Before the waste can be treated and repackaged, workers at INEEL will need to retrieve it from the storage bunkers and find out what’s in each container, using x-rays, measurements of radioactivity and laboratory analysis of chemical samples.

According to Cal Ozaki, BNFL’s deputy general manager for the project, the DOE has detailed lists of the contents of most of the containers. However, he said, such information is not available for waste shipped during the early 1970s, and the contents of those containers is less certain.

Containers with only solid items—machine parts, rags, clothing, etc.—will go directly to a monster crusher with 2,000 tons of force to squeeze the 55-gallon drums into 18-inch-high "pucks." Those containers are expected to make up 34 percent of the waste to be treated.

The proposed plant will have two disassembly lines for containers with liquids or gases—one to pull contents out of boxes and the other for drums. Each of those would be inside a 10-by-50-foot cell. Workers would operate remote manipulators from outside cells to cut open containers and sort contents.

Some of that material—expected to constitute 22 percent of the total waste—contains organic chemicals and will require incineration. According to information supplied by the DOE, there are no other good alternatives for treating mixed waste.

"We can’t just throw it away untreated—landfills will eventually leak and the waste would contaminate groundwater," the written material says. "Permanent storage is not a treatment, much less a solution. Emerging technologies hold out hope for destroying toxic compounds and may someday prove preferable to incineration. But they are still in development and are not presently proven or available."

Ozaki said much of the material to be incinerated was originally in the form of sludge from oil out of electrical insulators, but has since been mixed with grout to form blocks of cement. Those, he said, contain polychlorinated biphenyls, commonly known as PCBs. PCBs have been blamed for cancer and other health problems and must by disposed of only through incineration.

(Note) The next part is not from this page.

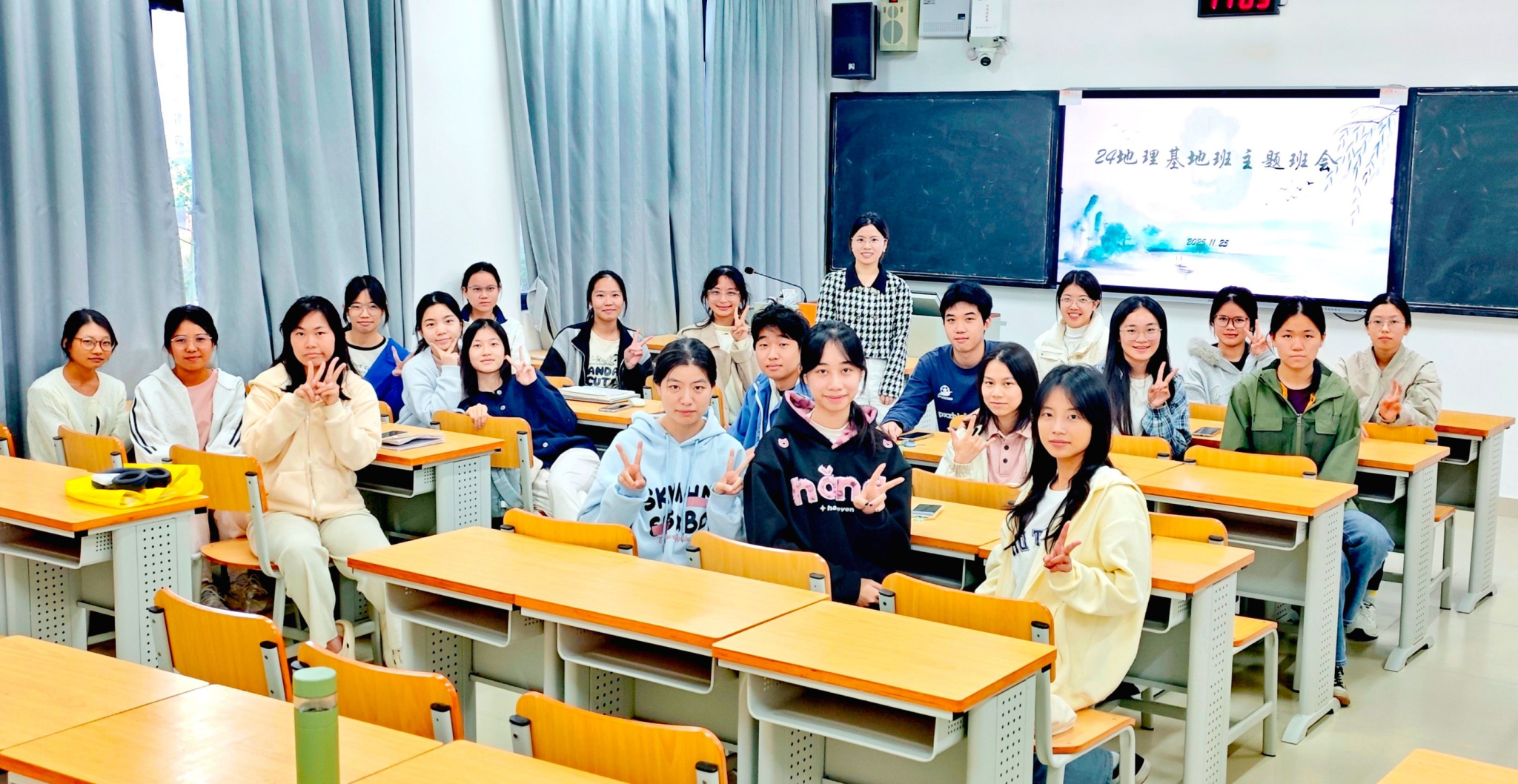 会后,两位同学在罗蜜老师主持的主题班会上,分享了参会收获与思考。她们结合朱有勇院士“把论文写在大地上”的典型案例,生动讲述了科技服务脱贫攻坚的实践路径,并交流了多位院士报告中的创新思维与方法,有效激发了全班同学投身地理科学研究的兴趣与热情。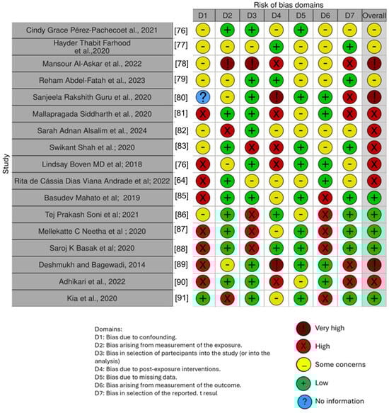 | Swikant Shah et al., 2020 [83] | Randomized controlled trial. | Seventy-four patients. | Analysis of the effects on RIOM in 74 patients with head and neck cancer who were set to receive an RT of 0.15% benzydamine mouthwash and 0.1% freshly produced curcumin utilizing nanoparticles. | Every week for six weeks, RIOM was evaluated once a week using the WHO criteria. Two types of analyses, namely modified intention to treat (MIT) and per protocol (PP), were conducted to test the null hypothesis that there is comparable effectiveness between the prevention and severity of RIOM. | While mouthwashes were not able to stop RIOM from happening altogether or lessen its severity, using a mouthwash containing 0.1% curcumin was able to greatly postpone the onset of RIOM. |

According to Ozaki, the incinerator will have two combustion chambers. Waste will be fed through the 25-foot-long primary chamber, where organic compounds will be vaporized and pass into the secondary combustion chamber, where they will be burned, turning into carbon dioxide and water. The solid material, still radioactive, will fall out of the bottom of the primary chamber as ash, which will be encapsulated in concrete for shipping and disposal.

Ozaki said the vapors and airborne particulates will pass through a 10-stage air pollution control system, which will remove the particulates and inorganic chemicals.

Under state air-quality regulations, the incinerator will need to remove 99.99 percent of each of the hazardous substances involved, and 99.9999 percent of the PCBs.

Ozaki said the emissions from the incinerator’s 90-foot-tall stack will be composed of carbon dioxide and water. Asked how many other substances will be emitted, he said, "Quite frankly, we don’t think any will, but we can’t say zero—it depends how far out beyond the decimal point you do your math. But we know it will meet the 99.9999-percent regulation by a large margin."

Ozaki said his firm’s air pollution permits will set emission limits at each stage of the pollution-control process. If any of these are exceeded, he said, the incinerator will automatically shut down.